What matters here is that both corresponding flows, “in” and “out” and relating to two different sets of
rules, are fully identifiable. Similarly the involvement of government in each kind of scheme is very different.
Under the unfunded scheme, government has taken the commitment to pay a promised level of benefits by reference to rights, determined by given rules on their calculation.
Under the funded scheme, the amount of the pension depends normally on the accumulated assets and government has no general obligations towards all the participants.
As each scheme is run by clearly a different set of rules and more precisely, as the pension benefits are not financed in the same way, the total flows must be allocated to each corresponding scheme, and these should be treated differently in national accounts.
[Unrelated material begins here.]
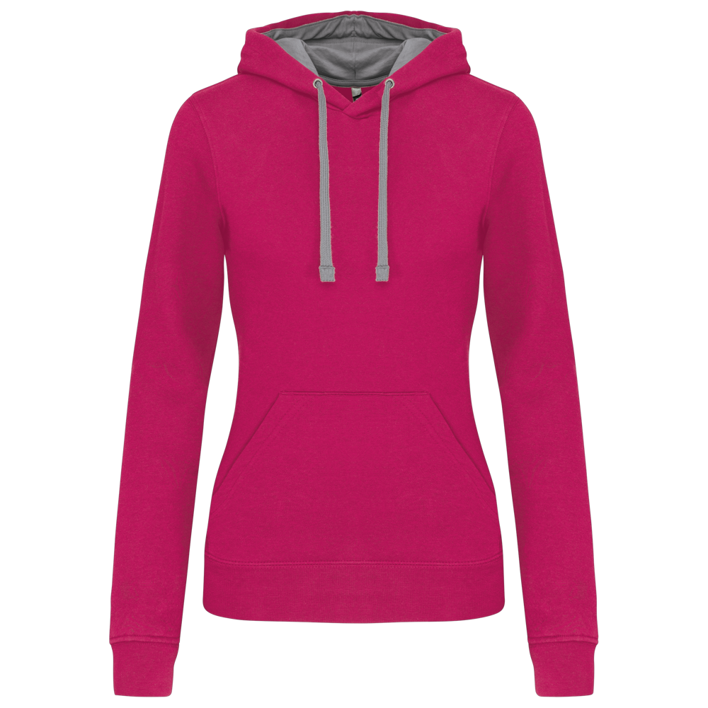 K465 - Damessweater met capuchon in contrasterende kleur

As a result, in such situations, two different institutional units must be distinguished in national accounts, each of them referring to one identifiable scheme.
In this respect, the unit that is identified (resulting from the “split” for statistical purposes of the one apparent government unit) as responsible for the management of the defined-contributions funded scheme must be classified outside the general government sector.
Therefore, the flows of contributions made to the unit managing the defined-contributions funded scheme and the flows of benefits paid from this unit are in no way part of government revenue or expenditure and therefore cannot have an impact on government deficit or surplus.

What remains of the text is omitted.